The manuals suggest using a screwdriver. Is it safe to tap the screwdriver with a hammer?
From what I recall, the hole in the end of the cap should be used to gain a purchase on the cap itself and pull it from it's anchor. It's press fitted into the housing. If that is awkward or you have no tool small enough to exploit the hole, I suggest a rubber mallet gently applied around the circumference. Should come right out. I'd use a screwdriver on the edges as a last resort and with an eye to replacing the cap afterwards.
I had a terrible time trying to remove my caps - eventually I succeeded using a chisel and rubber mallet. A few taps was all it took. Sadly I had already mangled the caps pretty badly trying screwdrivers and such, but the chisel actually did very little damage - nothing a bit of sanding wouldn't fix anyway.
I put a screw in a dent puller, one with a slide hammer. I inserted the screw into the hole of the cap and it came out with ease.
|John-The old caps will probably be pretty mangled after you get them off with channel locks and or a screwdriver. I would suggest you get new caps, drill a 3/16" hole in the center, and weld or braze a #12 nut on the outside of the cap. Next time you need to remove the cap, screw a bolt in the nut and it will push the cap off.|
You took the words right out of my mouth.
That is exactly what I did and yes I destroyed them trying to get them off the first time.
A little anti-seize on the caps "lip" will help with removal down the road.
|Hi Rick-I think the caps on the older TRs or Mgs had drilled&tapped holes in the caps to make removal easy. I suppose it was eliminated to save a few cents. |
I got it out with no problem. I inserted a large self-tapping screw in the opening, attached vise-grips, and pulled outward. Popped off easy.

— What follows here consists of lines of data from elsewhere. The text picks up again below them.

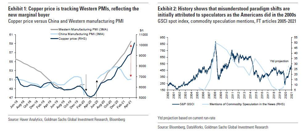 Goldman then slams the latest episode of blaming speculators, pointing to a long and distinguished history "of attributing paradigm shifts in prices to speculation" and noting that "China’s current crackdown on commodity speculation mirrors similar moves by the US in the mid-2000’s.When commentators are unable to understand what is driving such a paradigm shift in prices, they attribute it to speculators - a common pattern throughout history which has never solved fundamental tightness."
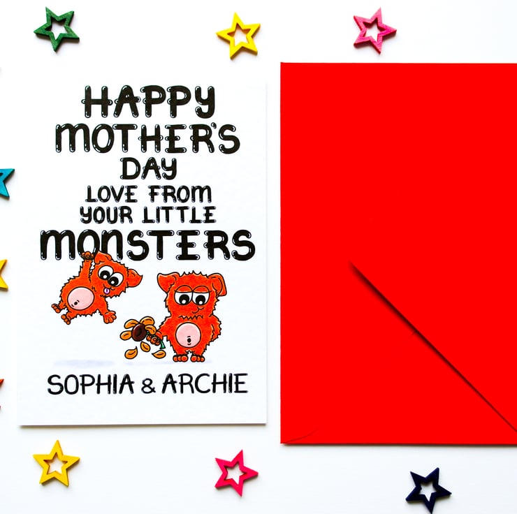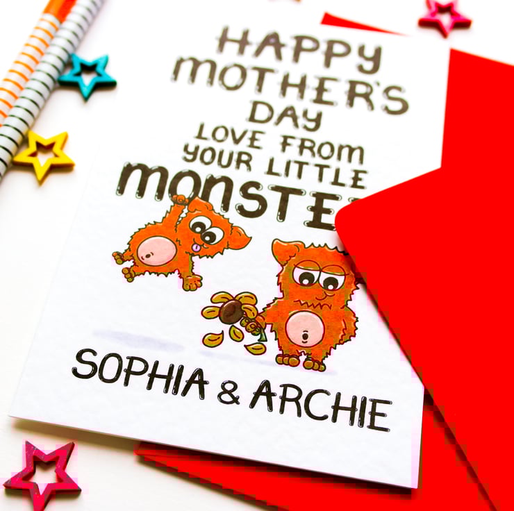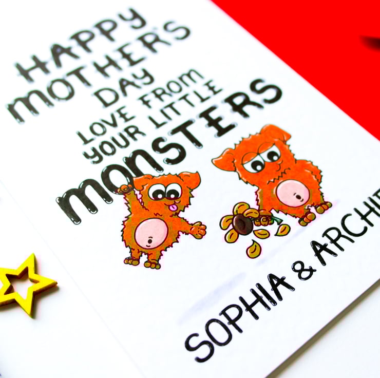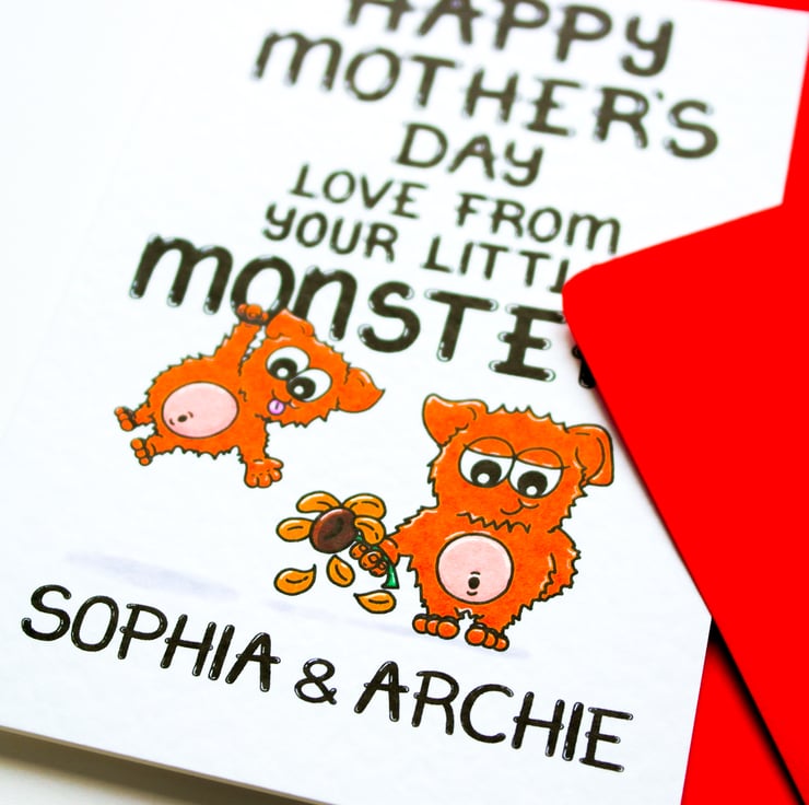 Greeting on front: HAPPY MOTHER'S DAY LOVE FROM YOUR LITTLE MONSTERS (NAMES)
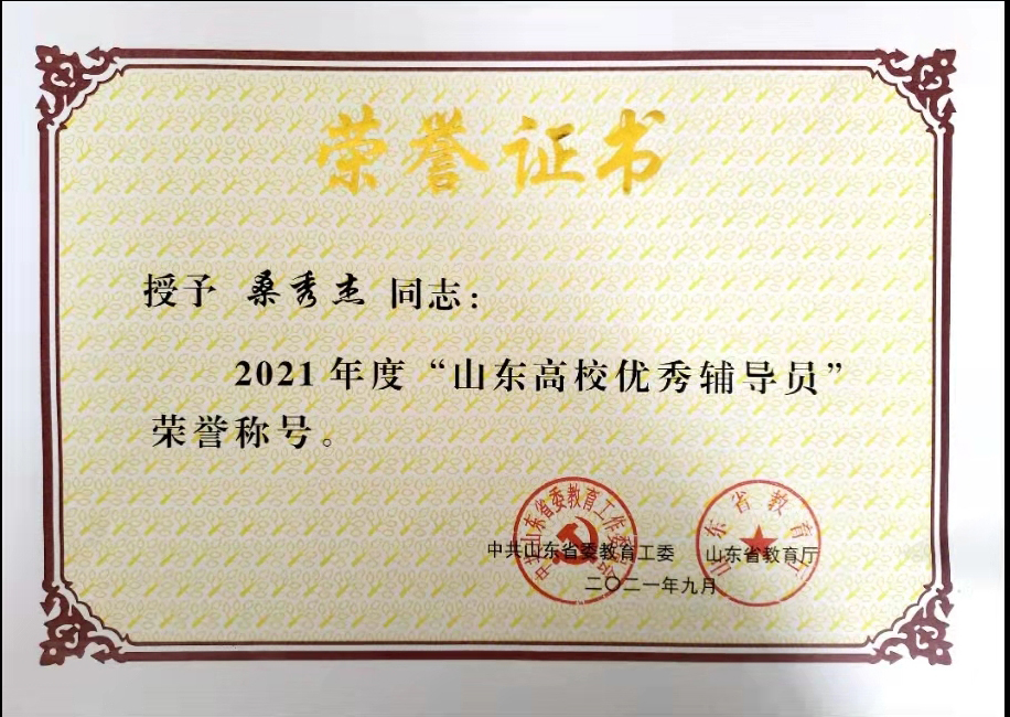 近日,由中共山东省委教育工委、山东省教育厅组织开展的2021年度“山东高校辅导员年度人物”“山东高校优秀辅导员”评选结果揭晓,beat365食品药品学院桑秀杰老师获“山东高校优秀辅导员”荣誉称号。在各高校选拔推荐的基础上,全省共评出10名山东高校辅导员年度人物和59名山东高校优秀辅导员。
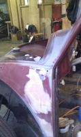 I dag ble det godt oppmøte i verkstedet, og jeg var på plass tidlig for å få gjort litt. Jeg fant ut at jeg mangla pensel til flussmiddelet for tinnsparkling, ser ut til at litt bedre gjønnågang av verktøy og utstyr hadde vært lurt. Får høre med Meltveit Kleppa om hun har noe råd.. Så det ble påført litt glassfibersparkel isteden rundt på taket der hvor sveiseskjøten til ragtop'en er
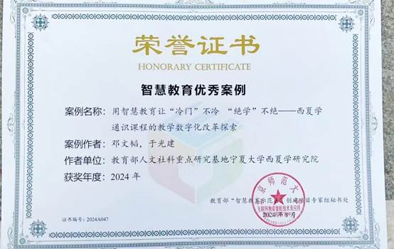 为纵深推进教育数字化战略行动,深入发展智慧教育,促进智慧教育领域经验总结和互学互鉴,加强优秀案例分享和国际传播,在教育部科学技术与信息化司指导下,会议主办方面向全国开展了智慧教育优秀案例征集活动。由51吃瓜网 教师邓文韬、于光建编纂,51吃瓜网 本科生院报送的《以智慧教育让“冷门”不能“绝学”不绝——西夏学通识课程的教学数字化改革探索》成功入选本年度智慧教育优秀案例。

|John, I like Rick's idea about the anti seize when you install it.|
|Anyone have a rule of thumb or guiding set of criteria or principles or pray tell...a list of all applications...of which connnections to apply antizeize and which to apply locktite??|
|You apply locktite to things you want to stay and anti seize to things you probably remove|
|Well Don, I've removed practically EVERY connector on this LBC in this restoration, some of which I probably should not have. Would I then put antiseize on all of them? I think not. Many'll get locktite when they go back, but I guess with a bit of exertion, it can be overcome if you ever need to remove them again.|
A good question.
Consider our cars originally with loctite applied to certain locations. It was never to come apart!..... yet is has. WE, the ones who put the loctite there are now asking a question. SSSSOOO do WE put loctite or antiseize on it for our great-grand children to ponder this same question in another 30 yrs???

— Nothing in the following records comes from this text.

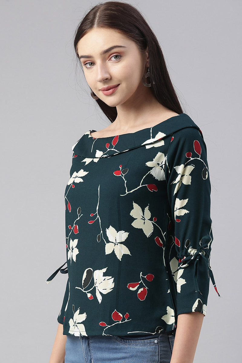Look ultra-stylish in this Poly georgette Teal Floral Printed Top. Crafted from woven georgette, this regular-length top features a bold floral print and a stylish boat neck.
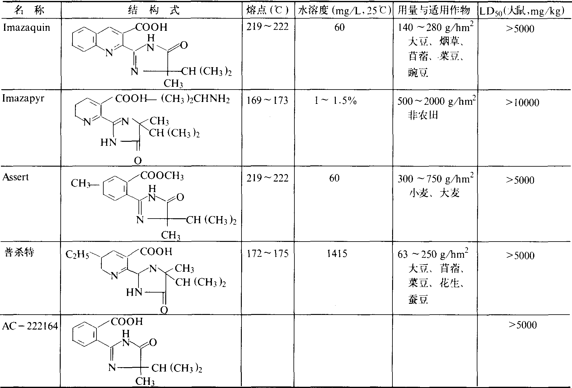 简史 咪唑啉酮类化合物的合成与筛选开始于1975年。首先发现苯邻二甲酰亚胺具有除草活性,在此基础上,合成出一系列苯环取代的衍生物,从中发现具有植物生长调节活性的AC-94377;在此类化合物的多次合成分离过程中发现了具有除草活性的化合物从而为咪唑啉酮除草剂的开发奠定了基础。1982年劳斯(M.Los)等第一次报道了此类除草剂,1983年奥尔维克(P.L.Orwick)等报道了AC-252925及席尼尔(D.L.Shaner)等报道了AC-252214,从而使咪唑啉酮类化合物成为开发除草剂新品种的活跃领域。 品种与特性 咪唑啉酮除草剂的结构特点是:❶咪唑啉酮环; ❷咪唑啉酮环上含一个甲基与异丙基; ❸咪唑啉酮环与邻位含一个羧基的芳环相连。根据上述特点,现已开发出用途各异的品种(见表)。 咪 唑 啉 酮 除 草 剂 主 要 品 种
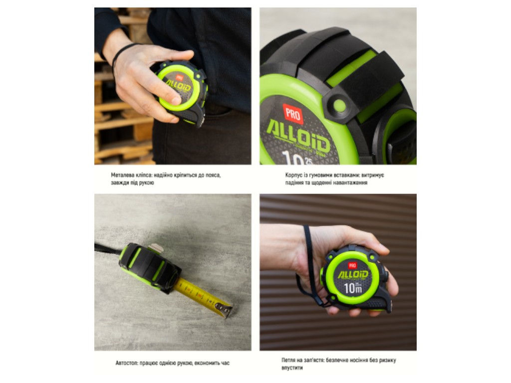 Сталева стрічка шириною 25 мм витримує великі прольоти без прогину, забезпечуючи точні виміри на будівельних та ремонтних об'єктах. Автоматична фіксація полегшує роботу однією рукою, а прогумований корпус амортизує удари при падіннях. Кліпса для пояса та петля для зап'ястя забезпечують зручність при перенесенні.
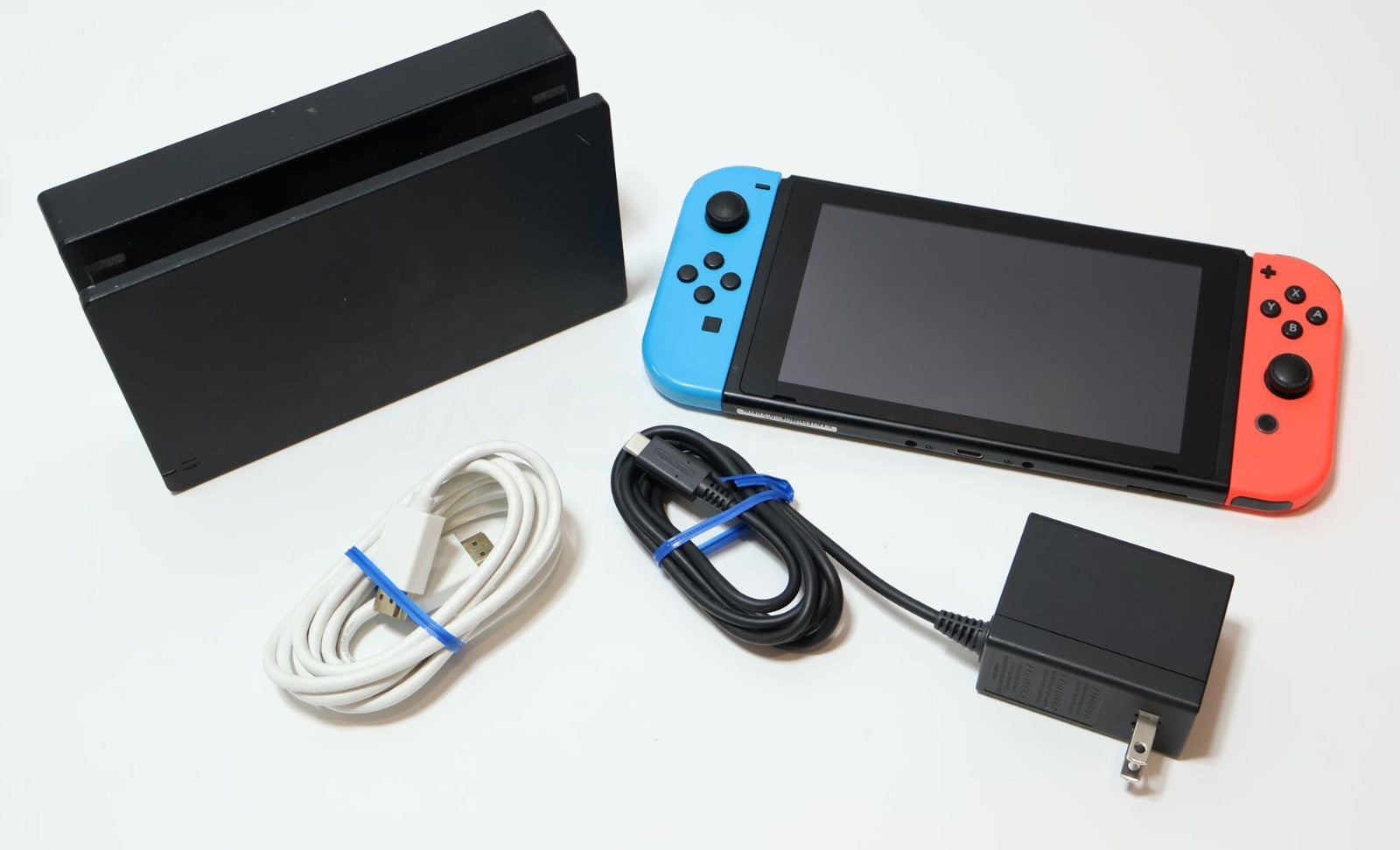 Includes: Switch, Left Joycon, Right Joycon, Dock, AC Adapter/Charger, Aftermarket HDMI Cable

A VERY good question Doug.
OK, all kiddin' aside. If you do not want it comming apart at 100MPH then apply loctite.
|Thanks Rick...so now who has the answer. What do we put locktite on and what, antiiseize? For starters the studs and brass nuts on the exhaust manifold to exhaust pipe will get antiseize!! Don't know about others.|
VOLI of TRF show the sale of loctite for areas of the dif and axle shafts.
That is the only place I have noticed it in either Volume.
Antisieze...you mention one. Another is a little on spark plug threads (will not do any harm).
The flat head machine screws holding the rear brake drums to the hubs.
A good thought would be to think of things that WILL need to come apart at some time for periodic maintenance that are subject to heat that might cause it to seize in place.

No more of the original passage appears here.